(Dataset items)

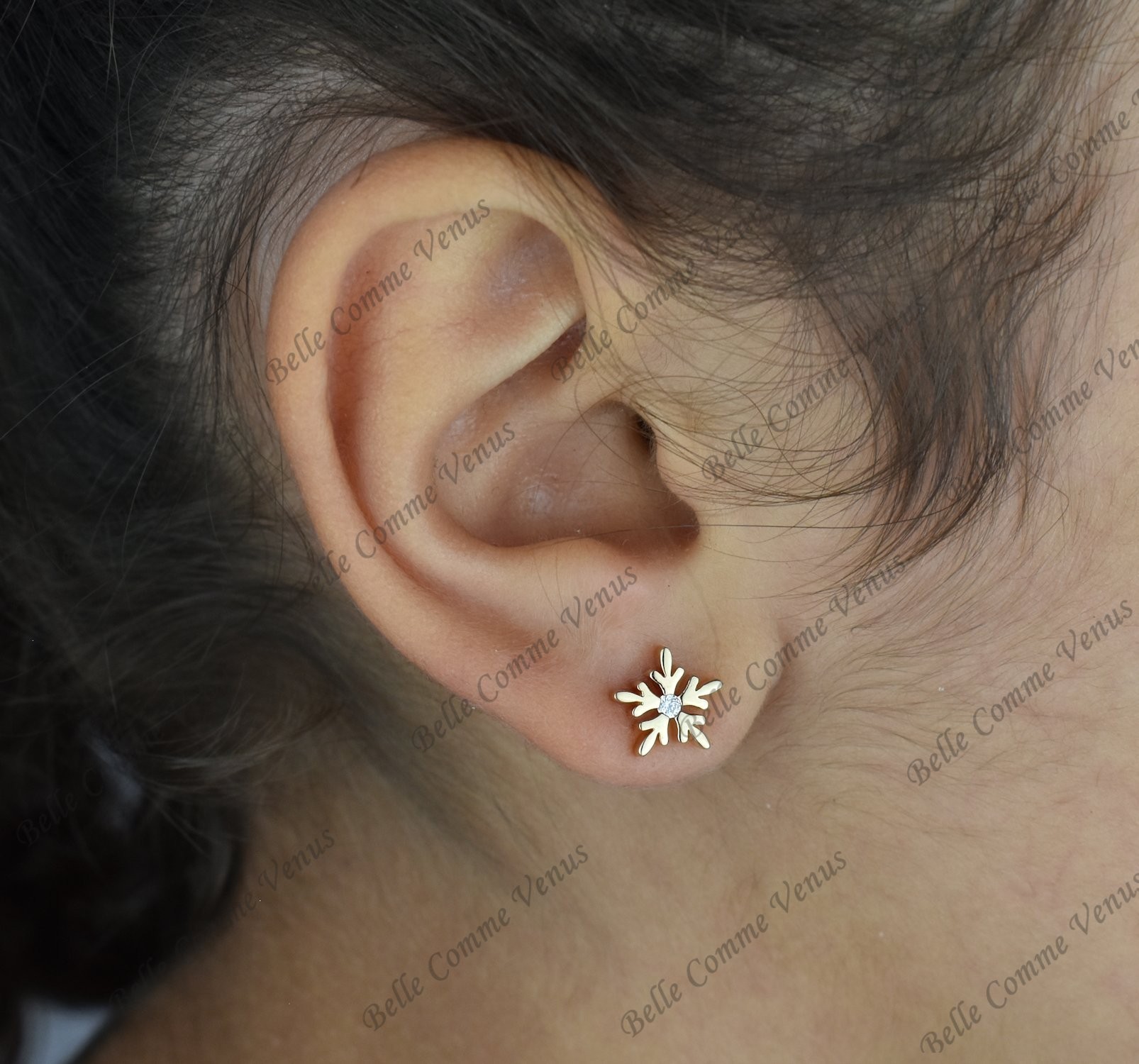 Boucles d’Oreilles Flocon de Neige Plaqué Or : La Magie Hivernale
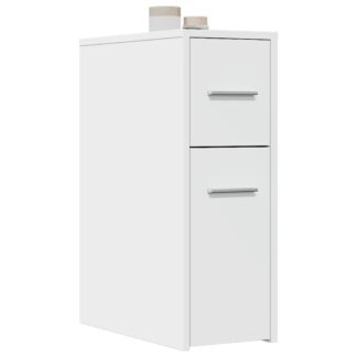 Aparador de WC estreito com rodas derivados de madeira branco – PORTES GRÁTIS
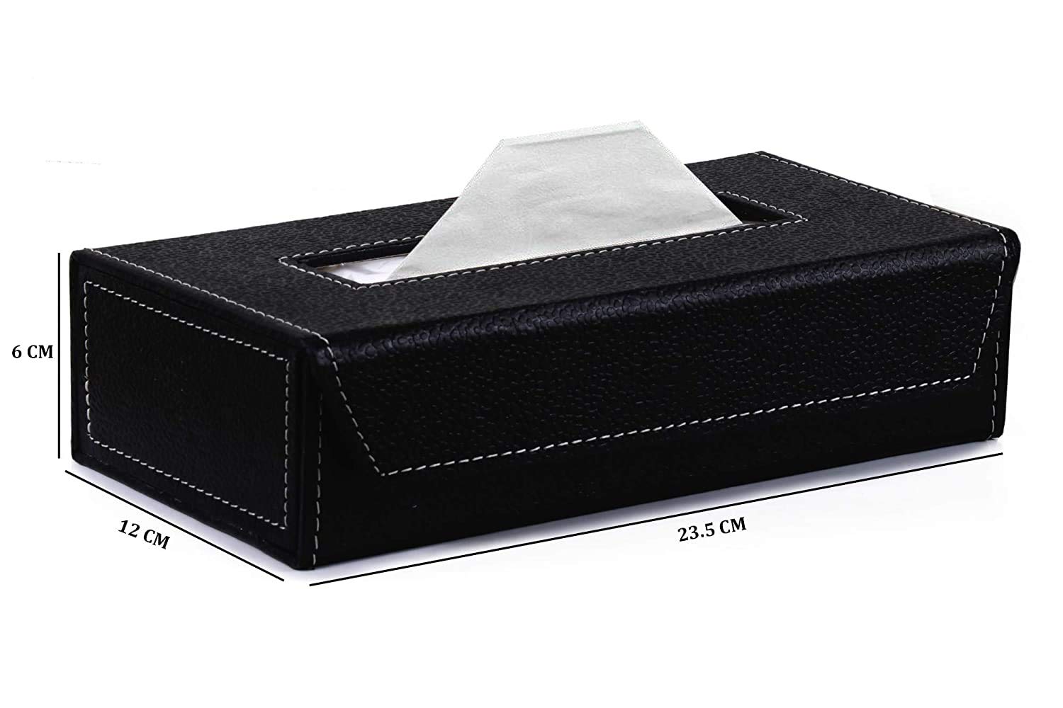 -: This tissue box is made from Vegan leather. Best suited for cars with pre-mium interiors and home decors. Contrast stitch adds more style to your car interiors. For classic interior experience, each time you enter your car favourite this Tissue Box is a must-havey Easy to store and pull tissues. Recommended for your car.
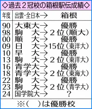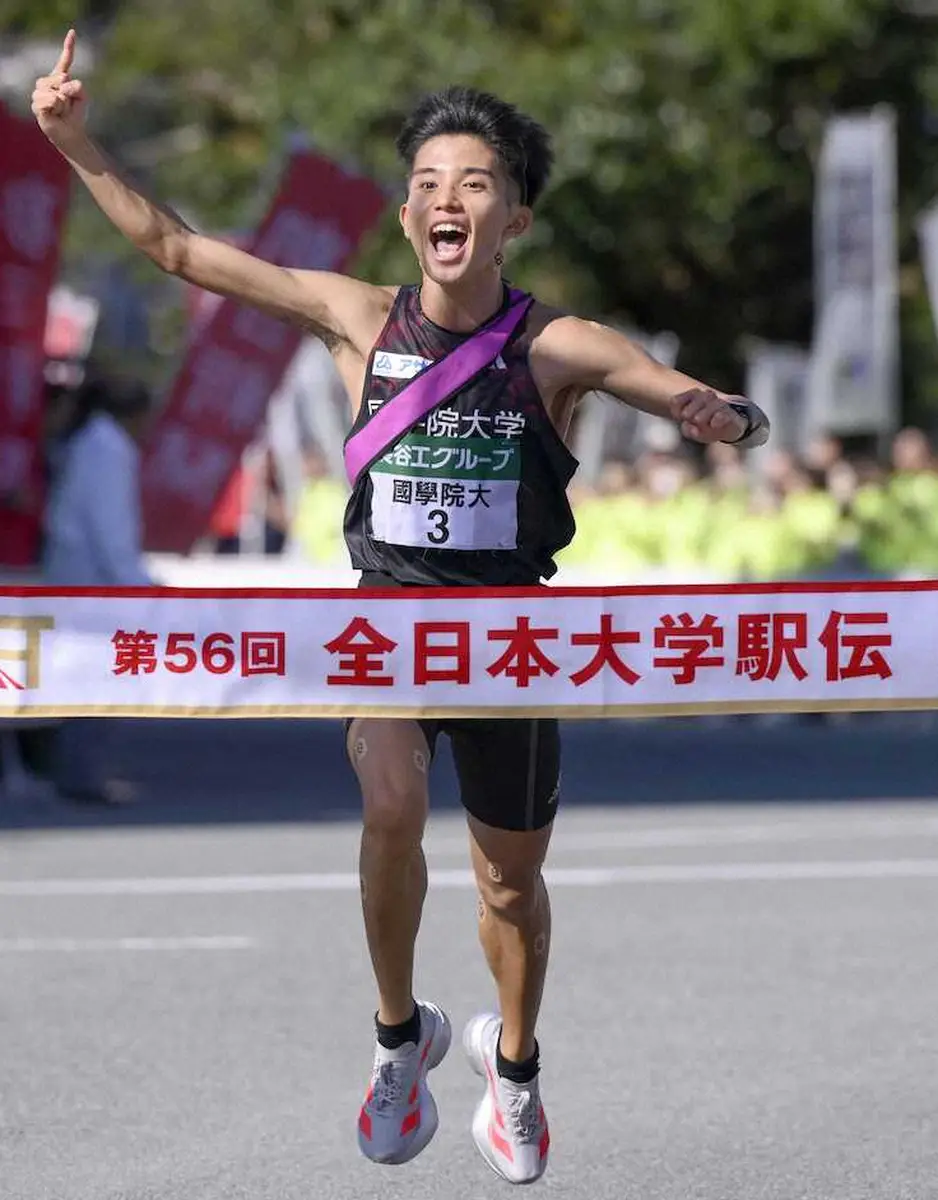 国学院大が5時間9分56秒で初優勝を飾り、10月の出雲駅伝との2冠を達成した。5区の野中恒亨(2年)が区間賞、6区の山本歩夢(4年)が区間新の活躍で青学大との首位争いに持ち込み、2位で受けた最終8区の上原琉翔(3年)が逆転した。7区を走った初マラソン日本記録保持者の絶対エース・平林清澄(4年)だけに頼らない、分厚い選手層を見せつけた。来年1月2、3日の箱根駅伝で、史上6校目となる学生駅伝3冠に挑む。
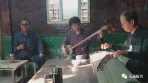 图2 大调曲子弹唱(从左至右:马庆萌、宋涛、宋光生)
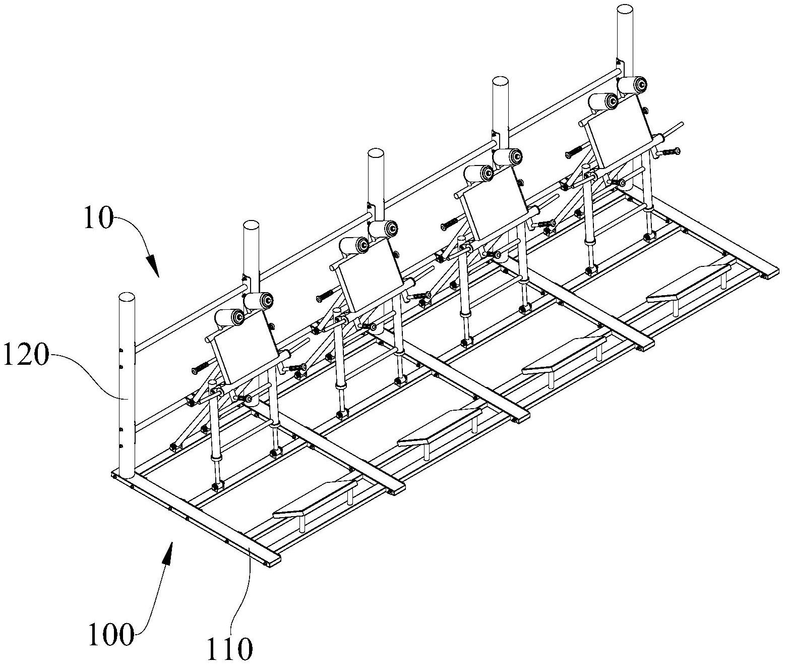 本申请公开了一种内置限位下肢蹬踏训练装置,该内置限位下肢蹬踏训练装置包括若干依次相连的训练单元,训练单元包括:固定架,其包括底架和立柱,立柱与底架固定连接;躯干支撑机构,其包括支撑架和支撑板,支撑板与支撑架固定连接,支撑架分别转动连接有第一连接管和第二连接管,支撑架顶部固定连接有第一肩管和第二肩管,支撑架固定连接有铃片杆;限位机构,其包括相互套接的外管和内管,外管与支撑架转动连接,内管与固定架转动连接,内管固定连接有第一固定块,外管固定连接有限位顶板,外管内设置有弹簧,弹簧位于限位顶板与第一固定块之间。避免限位机构外露,提高了内置限位下肢蹬踏训练装置的安全性。
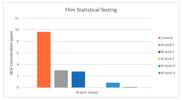 Figure 5. NOX concentration in the vials after seven days at 60°C in the absence of “N-Sorb” film (Control) or in the presence of different engineered impurity scavenging “N-Sorb” films.
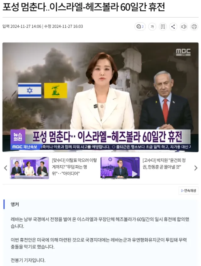 포성 멈춘다.. 이스라엘-헤즈볼라 60일간 휴전
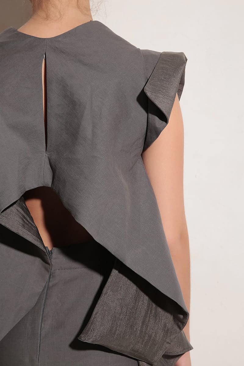 Тази впечатляваща пола е изработена от красива, плътна материя с фин блясък, която създава богат обем и изразително движение. Кройката е нестандартна и архитектурна, с меки конструкции и плавни линии, които оформят силуета по модерен и артистичен начин. Обемът е балансиран и придава драматичност, без да утежнява визията, превръщайки полата в силен акцент за стилни и концептуални комбинации.

Brief - Give the data above again, exactly, with every picture removed.

Written answer -
 Boucles d’Oreilles Flocon de Neige Plaqué Or : La Magie Hivernale
 Aparador de WC estreito com rodas derivados de madeira branco – PORTES GRÁTIS
 -: This tissue box is made from Vegan leather. Best suited for cars with pre-mium interiors and home decors. Contrast stitch adds more style to your car interiors. For classic interior experience, each time you enter your car favourite this Tissue Box is a must-havey Easy to store and pull tissues. Recommended for your car.
 国学院大が5時間9分56秒で初優勝を飾り、10月の出雲駅伝との2冠を達成した。5区の野中恒亨(2年)が区間賞、6区の山本歩夢(4年)が区間新の活躍で青学大との首位争いに持ち込み、2位で受けた最終8区の上原琉翔(3年)が逆転した。7区を走った初マラソン日本記録保持者の絶対エース・平林清澄(4年)だけに頼らない、分厚い選手層を見せつけた。来年1月2、3日の箱根駅伝で、史上6校目となる学生駅伝3冠に挑む。
 图2 大调曲子弹唱(从左至右:马庆萌、宋涛、宋光生)
 本申请公开了一种内置限位下肢蹬踏训练装置,该内置限位下肢蹬踏训练装置包括若干依次相连的训练单元,训练单元包括:固定架,其包括底架和立柱,立柱与底架固定连接;躯干支撑机构,其包括支撑架和支撑板,支撑板与支撑架固定连接,支撑架分别转动连接有第一连接管和第二连接管,支撑架顶部固定连接有第一肩管和第二肩管,支撑架固定连接有铃片杆;限位机构,其包括相互套接的外管和内管,外管与支撑架转动连接,内管与固定架转动连接,内管固定连接有第一固定块,外管固定连接有限位顶板,外管内设置有弹簧,弹簧位于限位顶板与第一固定块之间。避免限位机构外露,提高了内置限位下肢蹬踏训练装置的安全性。
 Figure 5. NOX concentration in the vials after seven days at 60°C in the absence of “N-Sorb” film (Control) or in the presence of different engineered impurity scavenging “N-Sorb” films.
 포성 멈춘다.. 이스라엘-헤즈볼라 60일간 휴전
 Тази впечатляваща пола е изработена от красива, плътна материя с фин блясък, която създава богат обем и изразително движение. Кройката е нестандартна и архитектурна, с меки конструкции и плавни линии, които оформят силуета по модерен и артистичен начин. Обемът е балансиран и придава драматичност, без да утежнява визията, превръщайки полата в силен акцент за стилни и концептуални комбинации.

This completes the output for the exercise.